26 As Gleeson CJ, McHugh and Heydon JJ stated (at [19]):
In many cases, there will be such a preponderance of connecting factors with one forum that it can readily be identified as the most appropriate, or natural forum. In other cases, there might be significant connecting factors with each of two different forums. Some of the factors might cancel each other out … Weighing considerations of cost, expense, and convenience, even when they conflict, is a familiar aspect of the kind of case management involved in many [transfer] applications.
27 Accordingly, the existence of a non-exclusive jurisdiction clause is a relevant factor to be weighed against other relevant factors, and the significance or otherwise of such a factor is to be determined in the circumstances of the case at hand. It is one factor among many and not immediately overwhelming simply because of its existence.

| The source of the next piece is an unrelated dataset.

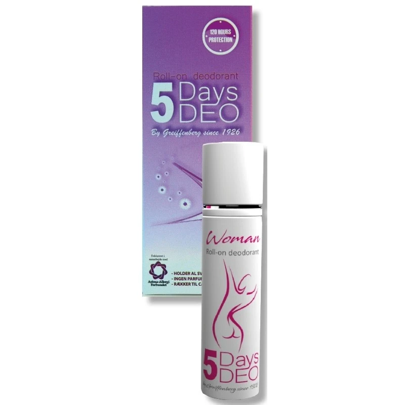 5 Days Deo Roll-On Deodorant – Women er en fantastisk antiperspirant i roll on form, der bekæmper svedlugt, og holder huden frisk i helt op til 5 dage. Den særlige formel er mild men super effektiv, hvilket gør at den passer til alle hudtyper. Derudover er den uden farlig kemi eller parfume, og er samtidig deklareret i samarbejde med Astma Allergi Danmark.

28 Thirdly, contrary to the submissions of the plaintiffs, although the parties' choice as to applicable law remains (see cl (a)), the express terms of the Charge reflect a choice, one assumes a conscious choice, that the jurisdiction of the Courts of Victoria is non exclusive. That decision is not that surprising. The properties caught by the Charges were located throughout Australia. It would be an odd result if the receivers were required to commence litigation in Victoria in relation to property located, for example, in Western Australia. These facts stand in contradistinction to World Firefighters Games Brisbane 161 FLR 355 and Slater & Gordon Pty Ltd v Porteous [2005] VSC 398 where the Court found the existence of an exclusive jurisdiction clause highlighted that the parties understood the potential inconvenience of conducting litigation where the appropriateness of the selected forum was not immediately apparent. Finally, the view expressed in World Firefighters Games Brisbane 161 FLR 355 (see [23] above) that since the introduction of cross vesting legislation,such a clause becomes just another factor to be considered on the question of transfer, is directly applicable here where the issues in dispute primarily concern a Commonwealth Act - the Corporations Act. There is no doubt that the Supreme Court of Western Australia can and does deal with issues arising under the Corporations Act.